The year is 2013 and BMW has just launched the i3 electric car. Cast your mind back: the world was mercifully free of Covid, we were still three years away from teenagers TikToking, Prince Harry was mates with his brother and no one had yet thought that chucking a bucket of iced water over your head would lead to millions in charity donations.
It feels like a lifetime ago, and in-car terms it was. Nine years is a life cycle and a half in most model runs, yet here we are today, still looking at a new i3 and still marvelling at it. And mourning it, because production will end in July.
It has been tipped as a future classic, no less than in our recent Autocar-Beaulieu Future Classics competition, and little wonder. There were other EVs before the i3 (heck, BMW itself had one with the Mini E trial fleet), but the i3 is the one that felt - and still feels - like it defined an era. A movement, even.

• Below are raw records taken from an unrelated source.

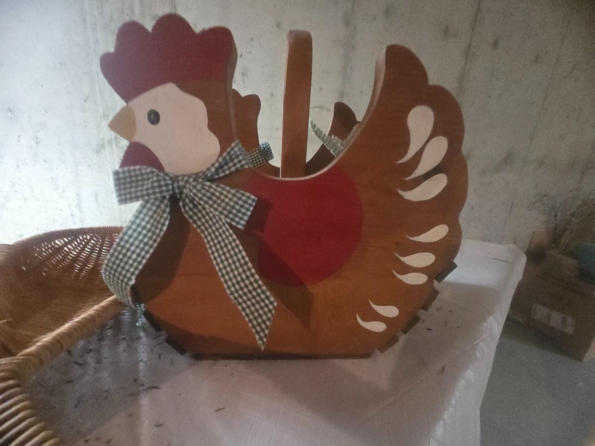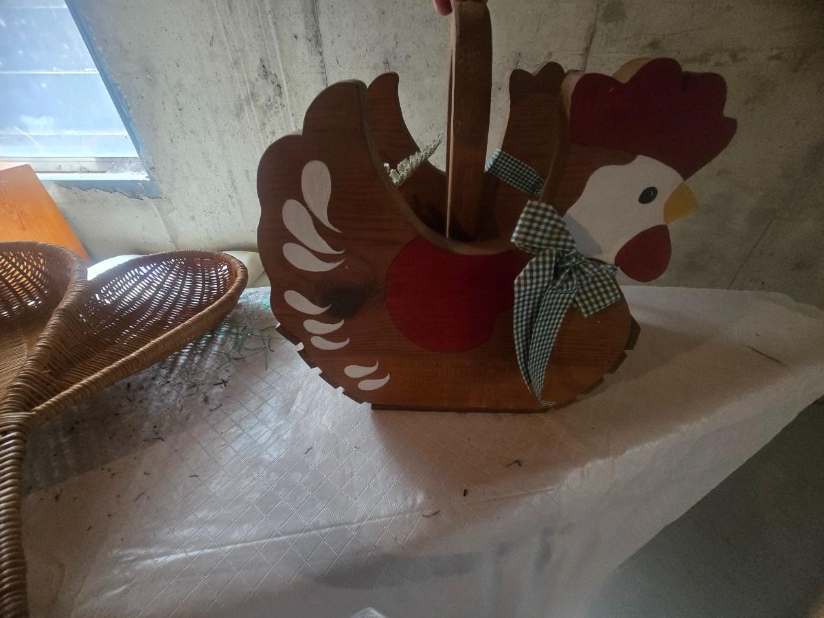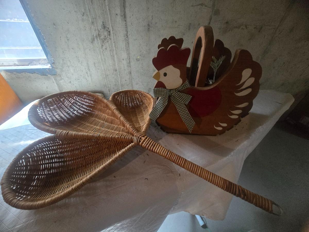 WOODEN ROOSTER BASKET AND A WICKER MCM WALL HANGING
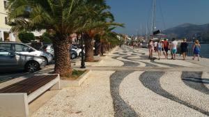 O calor estava intenso e tivemos um dia de praia, após atravessar toda a cidade, finalmente chegamos numa linda praia de seixos rolados. Valeu a pena o esforço. Permanecemos quase dez dias aqui ancorados, saíamos as vezes para um passeio de bote e para entrar no mar, pois aqui como é fundo de baía a água não é muito clara, tem um tom esverdeado. Neste tempo aproveitamos a facilidade do pier e nos abastecemos de água mineral e também enchemos os tanques do veleiro.
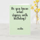This card is great fun and good quality. I loved the humour inside and on the back. There is the opportunity to change the orientation of this card from landscape to portrait, which I did. It is relatively straightforward to amend the typeface to fit the new orientation. It was well packaged with no plastic. The printing on this card is excellent.
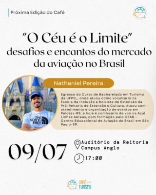 Ocorrerá no dia 9 de julho a 39ª edição do evento Café com Turismo, promovido pelo curso de Turismo da UFPel. Desta vez, o tema a ser explorado será “O céu é o limite: Desafios e encantos do mercado da aviação no Brasil”. A atividade será presencial e ocorrerá às 17h no Auditório da Reitoria, localizado no quarto andar do Campus Anglo.
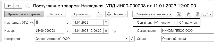 В нескольких формах документов "Поступление (акты, накладные, УПД)" можно установить флаг "Оригинал получен", если от поставщика получены входящие документы (оригиналы). Этот реквизит появится в списке журнала в колонке "Оригинал" формы документа (рис. 25.3).
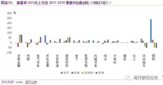 在披露率在60%以上的14个行业中,多数行业业绩增速相比2018年改善,仅休闲服务、化工两个行业出现恶化。
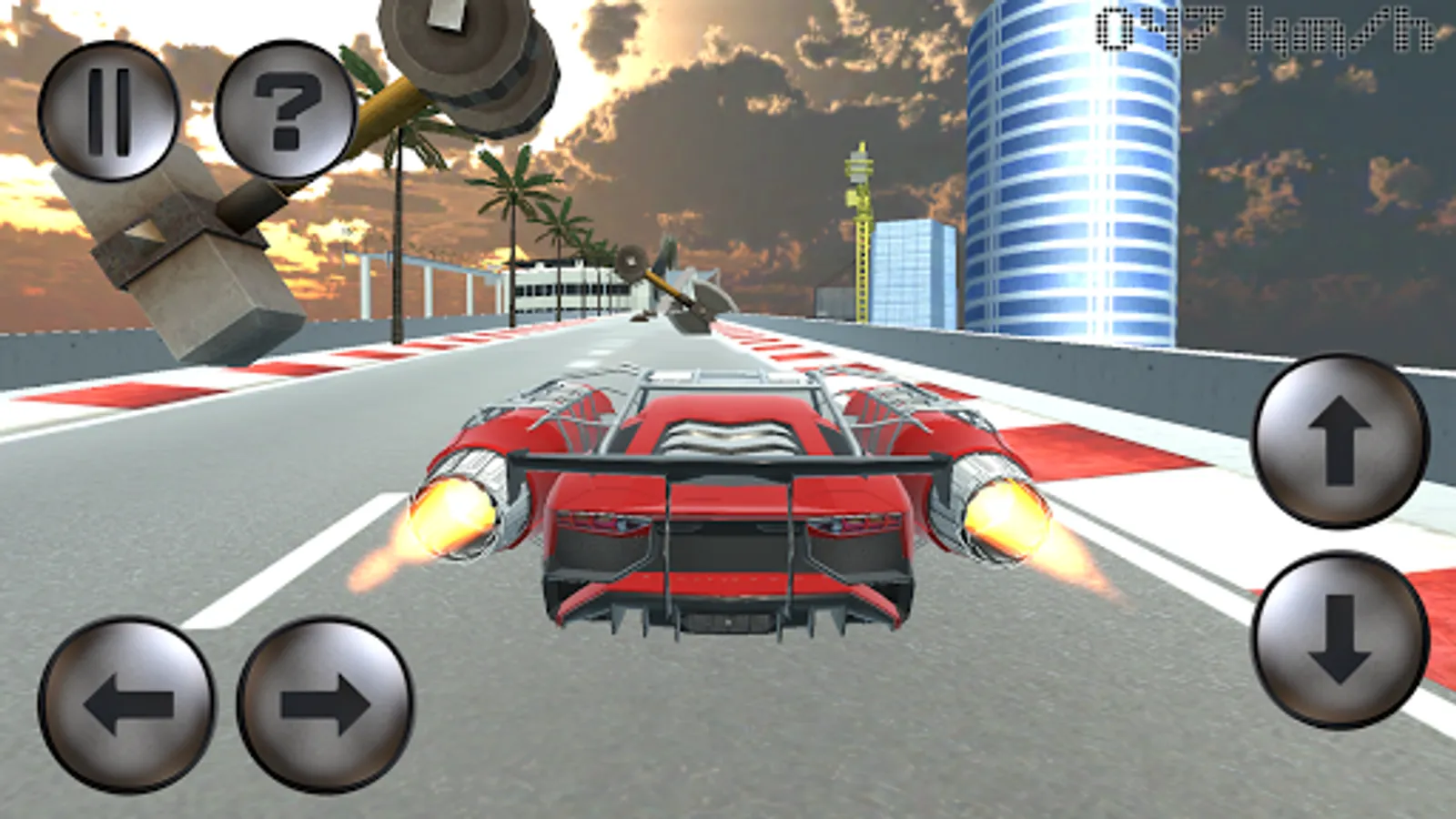 Jet Car - Mega Jumping Stunts is an innovative adrenaline fueled, action packed, 3D car racing, driving and jumping game. The car physics is on an extreme level: crashes, jumps, drifts and lots of other fun racing car tricks. The level environment is a simulation of a flooded city with high-rise buildings. To complete each level you need to make extreme jumps from rooftop to rooftop in order to find all fuel canisters. You can race your friends in multiplayer mode or just jump for fun.
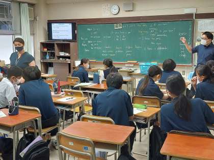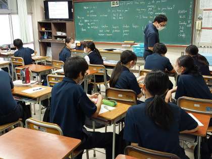 ペアで話すことで、アウトプットを行い話す力を培い、ワークシートを使い文法の振り返りとしています。教員は、机間指導を行い、苦手な生徒のフォローアップを行います。

Why? I think it's due to the integrity of the idea: the i3 was born electric.
In 2010, BMW unveiled the Megacity concept (and later used it at the London Olympics) as a radical carbon-fiber-reinforced-plastic (CFRP) passenger cell atop an aluminium chassis - a system that was so structurally strong it didn't need B-pillars. Hence the amazing rear-hinged rear doors were possible.
The key thing is that the production car stuck to that mantra, with the same focus on sustainability, recycled materials and those doors, which had made the original concept such a head-turner.
The CFRP passenger cell remained, so the i3 is a featherweight by EV standards: just 90kg, even with the bigger, modern battery on board. The Renault Zoe from 2012 weighed 1465kg – 300kg more than the i3 from the same period.